Aldo automatically tamped back the reflexive burst of fury. It hadn’t been his business. When she stayed, he accepted her choice. She wasn’t his to defend and protect. “I ask myself that every day. The deployments made it easier to think about something else. Gave me something to focus on.”
They’d also given him an escape from what happened the first and only time he’d done something about Diller. The price paid hadn’t been his. And that haunted him to this day.
Aldo drummed his fingers on the roof of the truck. “I gotta say,” he said, changing the subject. “I’m thinking about retiring. This is number four, and I want to make it my last.”
“Really?” Luke asked, sounding surprised. To Luke, the Guard and the deployments were what kept him going, kept him trudging one foot in front of the other.

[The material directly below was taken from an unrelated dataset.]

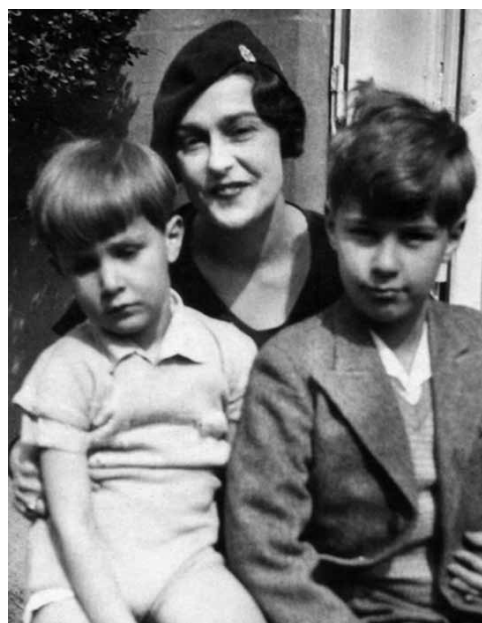
Каролина Кодина – Прокофиева със синовете си

“We’ve been doing this since high school. That’s twelve years of packing up and moving out and hoping we come back after the job’s done. I’m ready to stay put. I want to put more time into some engineering projects. And then I want to make a nice girl the next Mrs. Moretta.”
“Jesus, Aldo.” Luke sounded shocked…and a little sick. “When the hell did you decide all this?”
They’d enlisted together, trained together, deployed together. This was the first time Aldo’s course had diverged from Luke’s.
“About ten seconds after I found out Gloria moved out.” It was the truth. It was time. Aldo felt it in his bones. He was ready to be a full-time civilian, a husband, maybe a father. It was time for the rest of his life to start. “Don’t tell me you’re not ready to hang it up.”
“It’s all I’ve got,” Luke said quietly. “The Guard and my business.”
“You’ve got your family and could have Harper, too, if you wanted. Come home to that sweet face every day and find out what trouble she got herself into? There’s something to look forward to.”